START Excerpted records

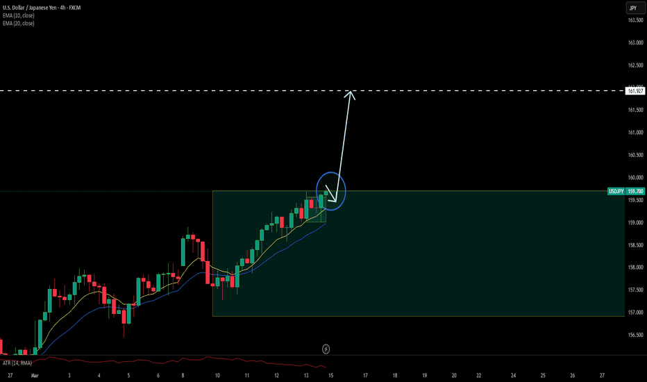 FX:USDJPY On the 1H chart, USD/JPY continues to trade within a well-defined ascending channel that has been intact since mid-February. Following a successful defense of the channel's lower boundary near 156.00. The pair has regained strong positive traction at the start of the new week.
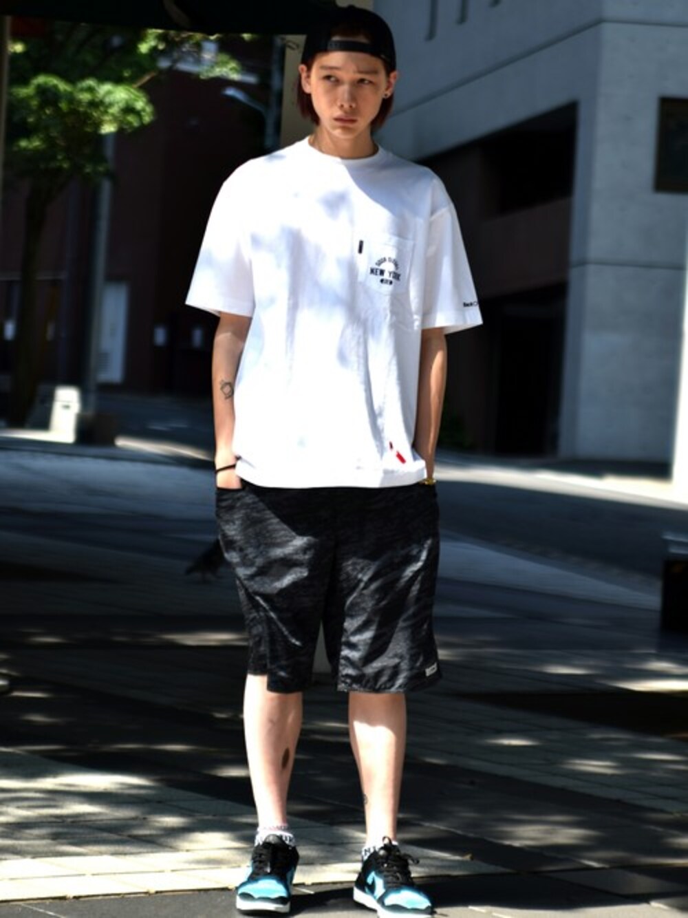 シンプルなポケットTシャツにオリジナルカモ柄のボードショーツを合わせた夏のアウトドア×ストリートのMIXスタイル。
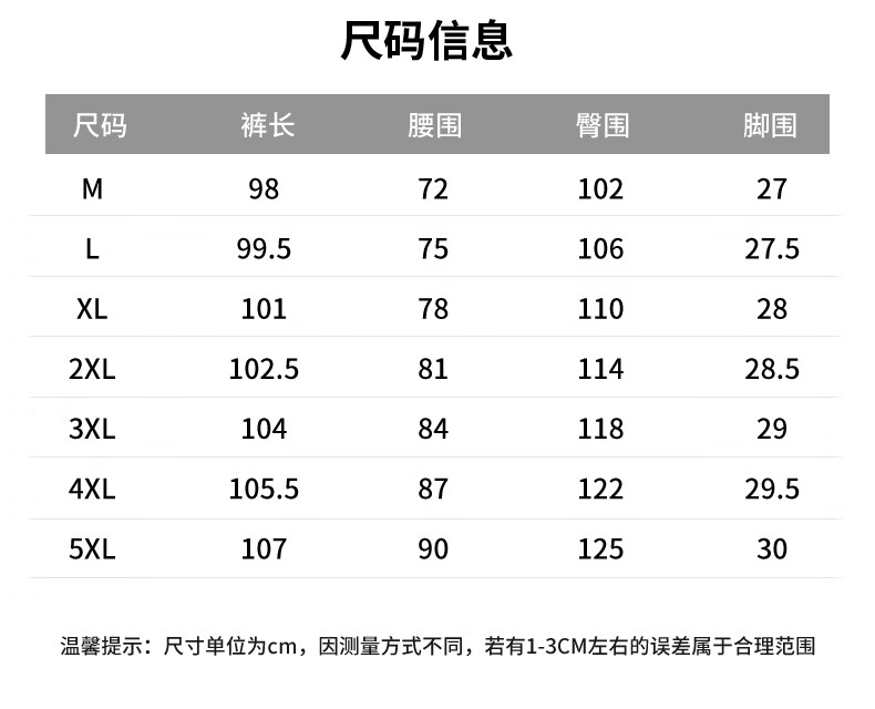 Outseam (cm) 99 cm 101.5 cm 104 cm 106.5 cm 109 cm
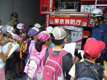 玉川消防署奥沢出張所に出かけました。消防署の仕事について、教室では学べないことをたくさん学んできました。奥沢出張所のみなさん、実演を交えたわかりやすい説明をありがとうございまいした。
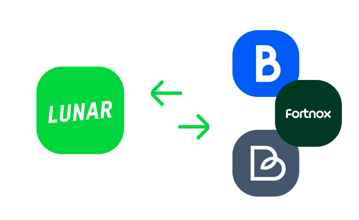 Idag kan du ansluta Fortnox, Bokio eller Bolageriet till Lunar. Vi jobbar även på att möjliggöra integrationer till fler populära bokföringssystem.
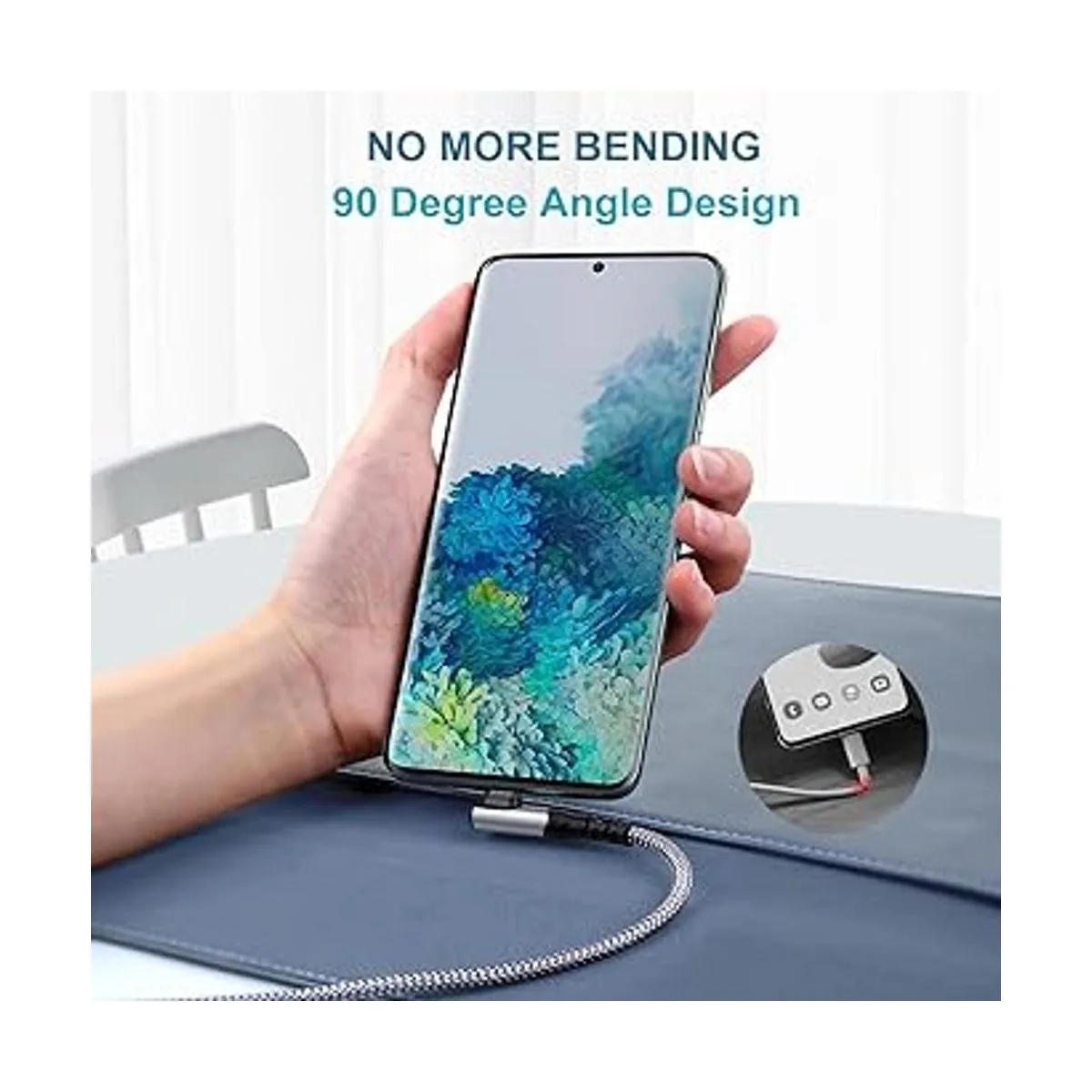 Cable USB C en ángulo recto: el diseño del conector USBC de 90 grados es conveniente para jugar juegos o ver videos mientras se carga, reduce la flexión del cable, prolonga la vida útil del cable USB C. Nota: el grosor permitido de la funda del teléfono es de 0.079 in
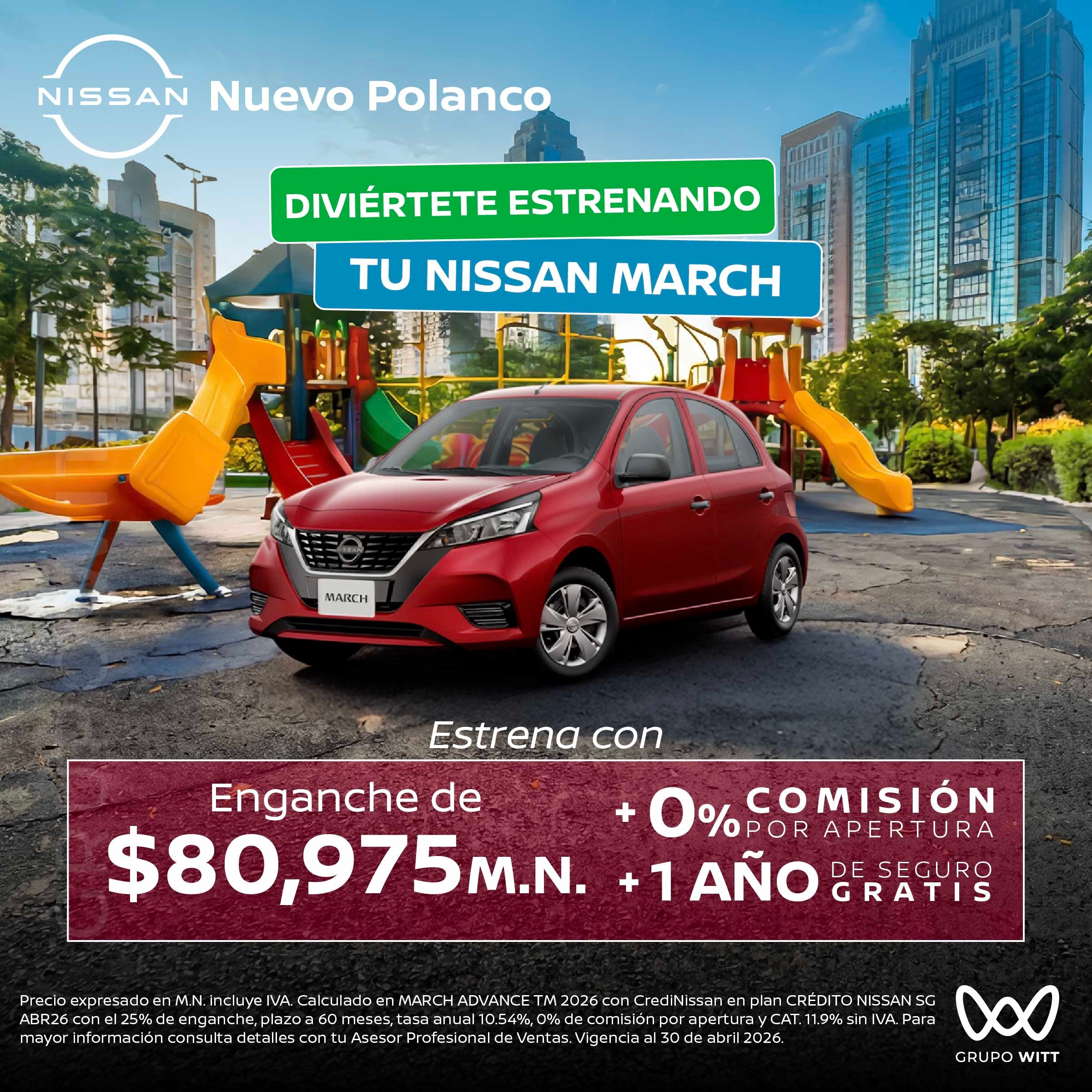 Precio expresado en M.N. incluye IVA. Calculado en MARCH ADVANCE TM 2026 con CrediNissan en plan CRÉDITO NISSAN SG ABR26 con el 25% de enganche, plazo a 60 meses, tasa anual 10.54%, 0% de comisión por apertura y CAT. 11.9% sin IVA. Para mayor información consulta detalles con tu Asesor Profesional de Ventas. Vigencia al 30 de abril 2026.
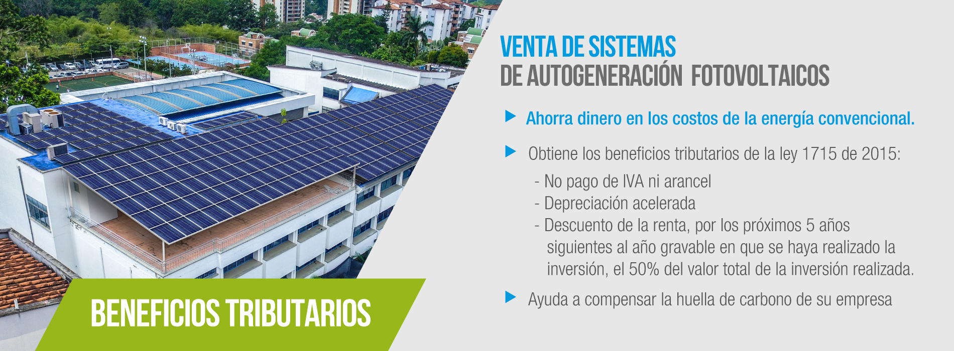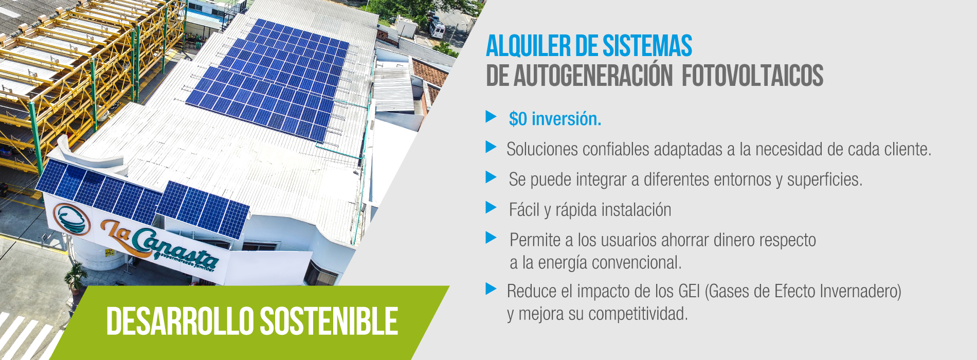 Suministramos los elementos necesarios que conforman el sistema de autogeneración con tecnología fotovoltaica en las instalaciones de nuestros clientes para que supla los requerimientos energéticos con el fin de mejorar la calidad del servicio de energía, a un costo fijo y contribuyendo al medio ambiente.

END Excerpted records

_Task_.
Repeat exactly the lines above, from the line that contains "玉川消防署奥沢出張所に出かけ" down through the line that contains "Precio expresado en". Include both of those lines and none of the pictures.

_The completed task_.
 玉川消防署奥沢出張所に出かけました。消防署の仕事について、教室では学べないことをたくさん学んできました。奥沢出張所のみなさん、実演を交えたわかりやすい説明をありがとうございまいした。
 Idag kan du ansluta Fortnox, Bokio eller Bolageriet till Lunar. Vi jobbar även på att möjliggöra integrationer till fler populära bokföringssystem.
 Cable USB C en ángulo recto: el diseño del conector USBC de 90 grados es conveniente para jugar juegos o ver videos mientras se carga, reduce la flexión del cable, prolonga la vida útil del cable USB C. Nota: el grosor permitido de la funda del teléfono es de 0.079 in
 Precio expresado en M.N. incluye IVA. Calculado en MARCH ADVANCE TM 2026 con CrediNissan en plan CRÉDITO NISSAN SG ABR26 con el 25% de enganche, plazo a 60 meses, tasa anual 10.54%, 0% de comisión por apertura y CAT. 11.9% sin IVA. Para mayor información consulta detalles con tu Asesor Profesional de Ventas. Vigencia al 30 de abril 2026.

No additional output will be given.